If it can be replaced by a web form then Excel isn't a "critical part of the
workflow". Getting data into the database was the critical part of the
workflow. The users actually preferred the web forms that I did manage to
replace Excel sheets with (more checkboxes, and far less cut and paste).

Anyway after 3 years of complaining about the same issues I realised it was
time to leave.

------
simula67
This is a very good article. We should generalize this to quote Steve Jobs :
'We have to start with the user experience and work backwards to the
technology'[1].

A lot of companies try to get around this by hiring external design teams who
decide the user experience first and then asks engineers to implement the
experience.
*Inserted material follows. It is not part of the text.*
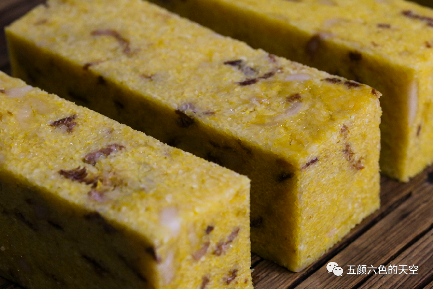 蒸熟后脱模切成方块,香糯可口,非常适合老人小孩吃,凉后可切片煎炸外酥里糯

Of course then problem is then if they are not technical enough
they might not take into account how hard something could be (
[http://xkcd.com/1425](http://xkcd.com/1425) )

[1]
[https://www.youtube.com/watch?v=1SIeTmORl0E](https://www.youtube.com/watch?v=1SIeTmORl0E)

------
EdiX
There's also a follow up where the wget UI is redesigned [0]. It's important
to also read this because that's where the argument falls completely apart:
most of the features have been sacrificed to the altar of "simplicity": the
redesigned application is essentially useless.

Not only that, the design includes a really nice looking progress bar that is,
unfortunately, impossible to implement.

[0] [http://www.uxdesignedge.com/2011/11/don%E2%80%99t-design-
lik...](http://www.uxdesignedge.com/2011/11/don%E2%80%99t-design-like-a-
programmer-part-3/)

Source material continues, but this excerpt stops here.